PD0325901 also dose dependently inhibited the growth of TAMH cells in vitro (Fig. 1A). Inhibition of MEK activity and cell growth were also observed in PD0325901-treated HepG2 and Hep3B human HCC cells in vitro, thus demonstrating MEK-dependent growth (Figs. 1B, C). Furthermore, apoptosis was dose dependently induced in HepG2 and Hep3B cells in vitro after treatment with PD0325901 for 48 hours (Fig. 1D). The higher dose of PD0325901 required to induce apoptosis in Hep3B cells correlates with the greater sensitivity of HepG2 cells to PD0325901 compared with Hep3B cells. http://www.selleckchem.com/products/Adriamycin.html Athymic mice bearing TAMH flank tumors were given the MEK inhibitor

PD0325901 (20 mg/kg) or HPMT vehicle daily by orogastric gavage. After a one-time 24-hour treatment, ex vivo tissue analysis was performed, and P-ERK levels were determined by immunoblot (Fig. 2A). After 24 hours of treatment, intratumoral P-ERK levels decreased Selleck GSK2126458 in animals receiving a single dose of PD0325901 compared with those animals receiving vehicle.
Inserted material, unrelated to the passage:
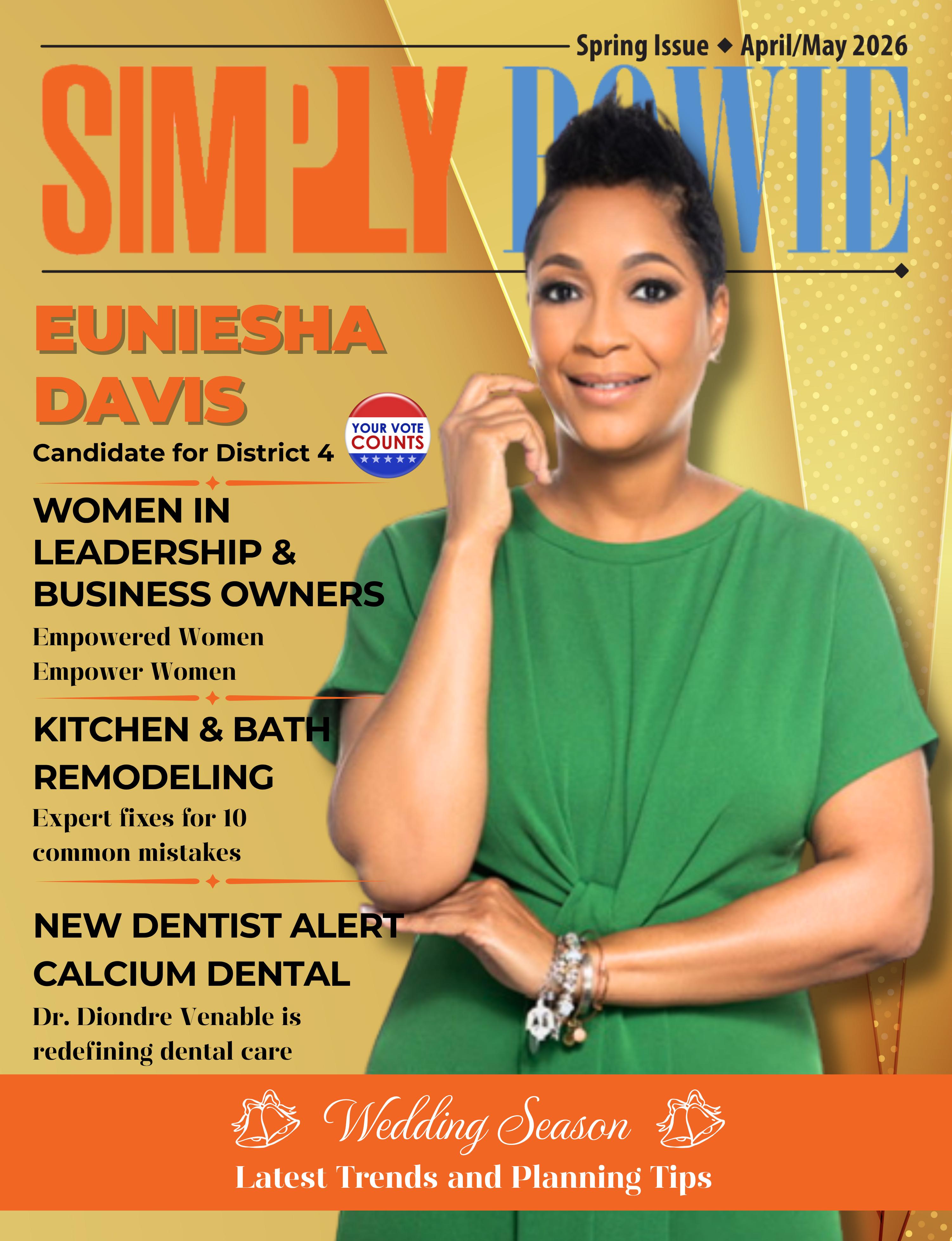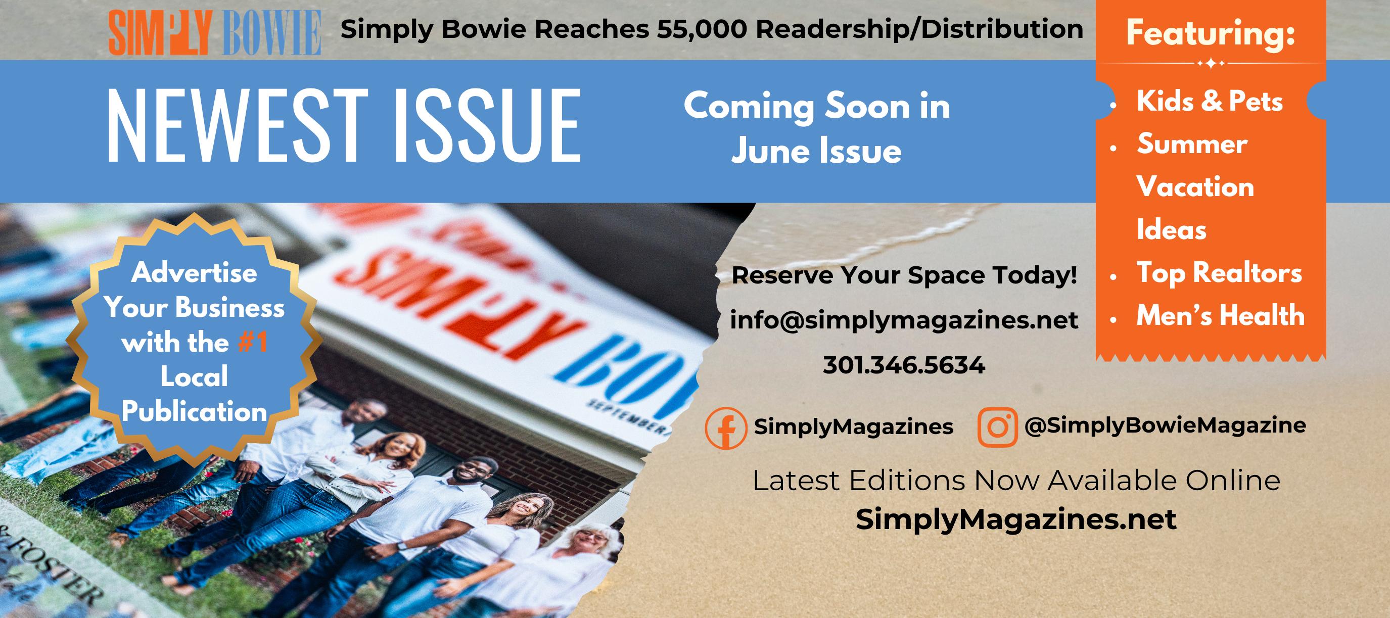 I love Spring Time because it sparks the beginning of outdoor exercising, power walking, riding my bicycle, driving to local beaches such as Rehoboth Beach , and my favorite magazine Simply Bowie Publication. We hope you enjoy this issue as much as we do!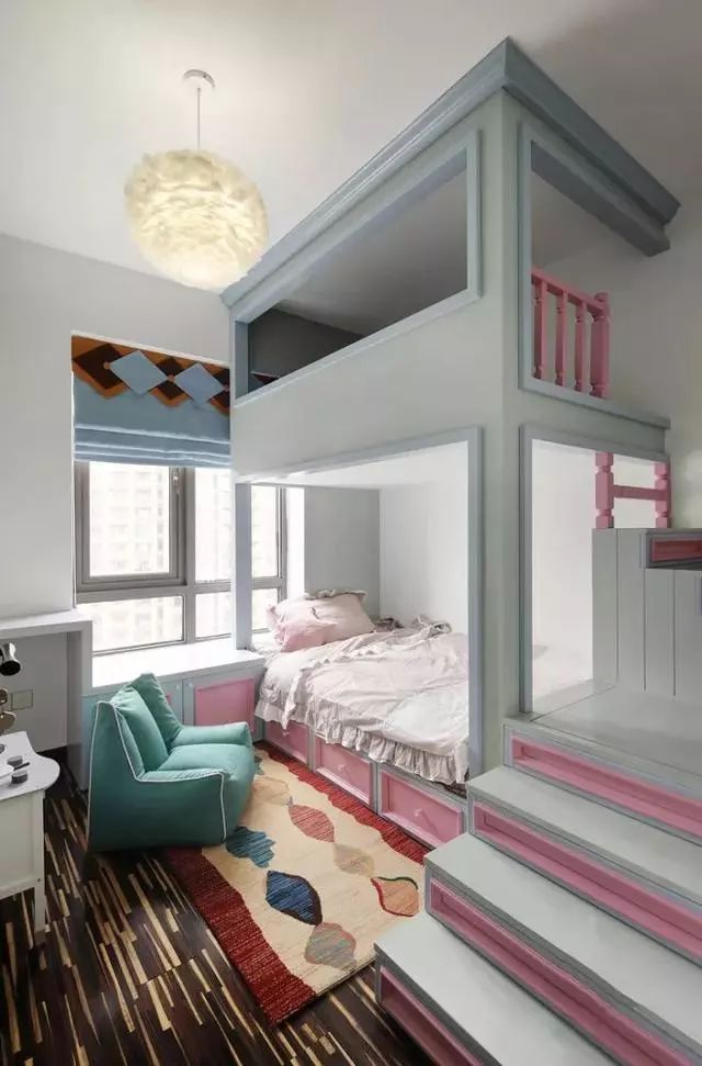 儿童房空间比较小,设计师用层高打造上下式的房间结构,下层供孩子休息上层供孩子玩耍,两全其美。

Serial volumetric measurements of the athymic mouse TAMH flank tumors treated for 16 days were obtained. The growth rate of these tumors was expressed as the percentage increase in tumor size from the start of treatment (Fig. 2B). After 16 days of treatment, the growth rate of the flank tumors in the PD0325901 treatment

arm (n = 9) was reduced threefold compared with the vehicle-treated arm (n = 8) (1113% ± 269% versus 3077 ± 483%, P < 0.01). This demonstrates that PD0325901 can effectively reduce TAMH tumor growth in vivo. Similarly, PD0325901 (10 mg/kg) significantly inhibited human HCC tumor growth over a 4-week period in the Hep3B xenograft model (Fig. 3). No drug-induced toxicity

indicated by weight loss or treatment related mortality was observed in either of these studies. MT42 (CD-1) TGF-α transgenic mice were injected with diethylnitrosamine (5 mg/kg) at 14 days of age. At 30 weeks of age, TGF-α transgenic mice were treated with either PD0325901 (20 mg/kg) or vehicle by daily orogastric gavage for 35 days. No evidence of weight loss was observed in either group. On sacrifice, cAMP the animals underwent necropsy, and gross tumor incidence was noted. Whereas vehicle-treated animals had a 47.1% (8 of 17 total) incidence of HCC, animals treated with the MEK inhibitor PD0325901 demonstrated a significant decrease in HCC incidence, down to 13.3% (2 of 15 total; P < 0.05). This represents an approximately 3.5-fold decrease in gross tumor incidence. Because what percentage of transgenic mice had tumors at the start of the prior randomized trial was unknown, a second study was initiated in which the mice were screened by MRI to identify tumor-bearing animals (Fig. 4). Once tumors were noted on MRI (week 0), a follow-up MRI was performed 2 weeks later (week 2) to determine baseline growth of the index lesions.